Front left and right rear would go down... sometimes the door would even pop open. With the help from the HWH website, I quickly figured out that hoses were crossed at the valve box.
But, while in there, I researched how the actuation works. It's brilliantly simple - and what forces two sets of jacks to go down is simply the cross shaped faceplate. The joystick can move only N-S, or E-W, but not NE to SW or NW to SE. Enter the sawsall. I removed the faceplate and notched out the edges so the joystick would have more movement. It works GREAT. If I stay in the factory notches, I raise two jacks at a time (either both front, both left, both right or both back). But if after leveling I find just one corner a little low, there is no easy way to raise JUST that corner. Alas, if I move the joystick diagonally in the direction of the corner I need, just that side extends! It works great.

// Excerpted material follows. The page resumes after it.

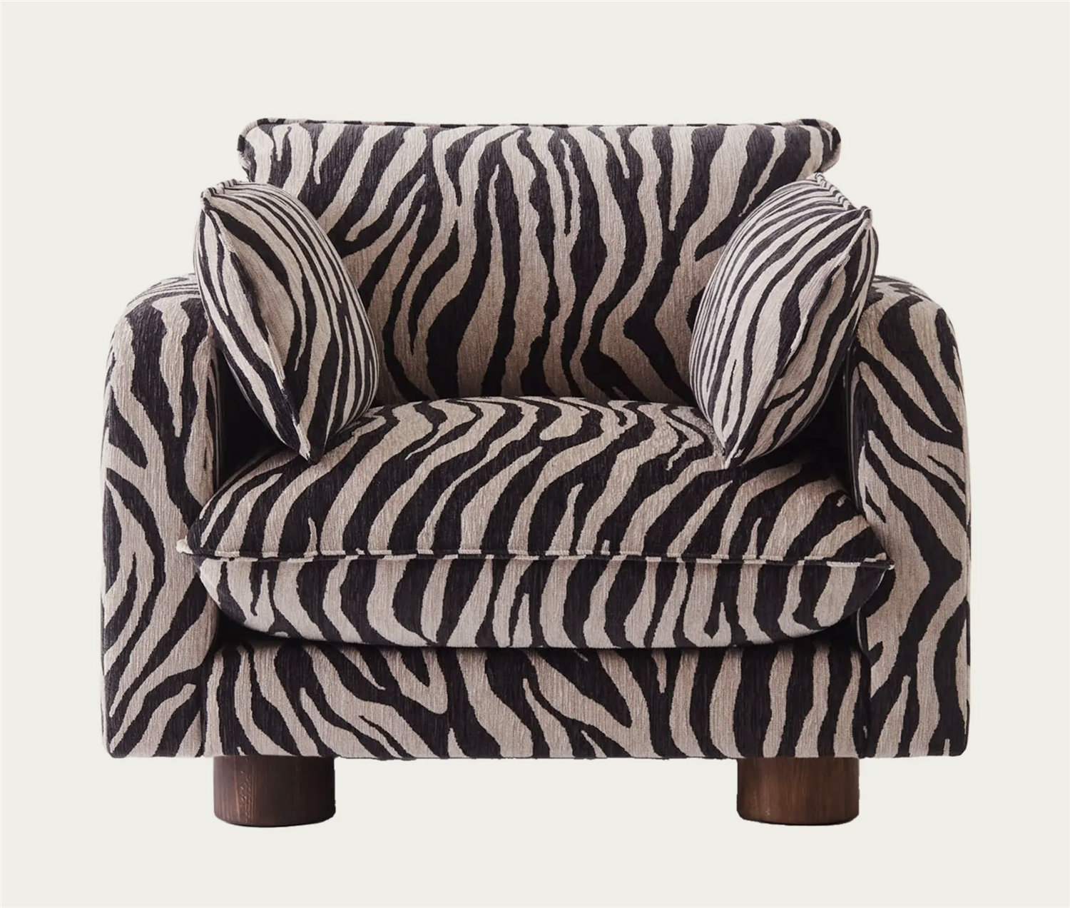 Miles is a series of furniture designed by MER Arkitekter, a Stockholm-based architecture firm. Miles Armchair Boucle is an armchair characterized by its large cushions, rounded corners, and cylindrical feet. The frame is made of solid spruce and plywood while the padding consists of down, silicone marbles, and foam. In this version, the armchair is upholstered in a boucle fabric from James Malone.

I'm sure there will be those that will warn about frame damage, windows popping out, etc - all of which are legitimate concerns. However, given how badly this frame has been torqued because of the crossed hoses, I think she can take it.

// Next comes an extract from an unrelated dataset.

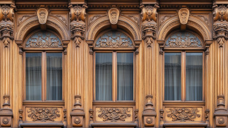 Explore the intricate details of a historic building facade featuring beautifully carved wooden elements, ornate windows, and classic design.

Besides, I still use the factory recommended leveling method, and at the very end tweak the low corner gradually.
The only tricky part is trimming enough of the faceplate to allow the joystick enough movement into the corners - without affecting the power switch or the fuse holder. Also, there is a small board with spring contacts on the faceplate. When you reassemble, they have to be lined up properly. I just hard wired the two parts together with about 2' of cable. If anyone is interested here's the idea...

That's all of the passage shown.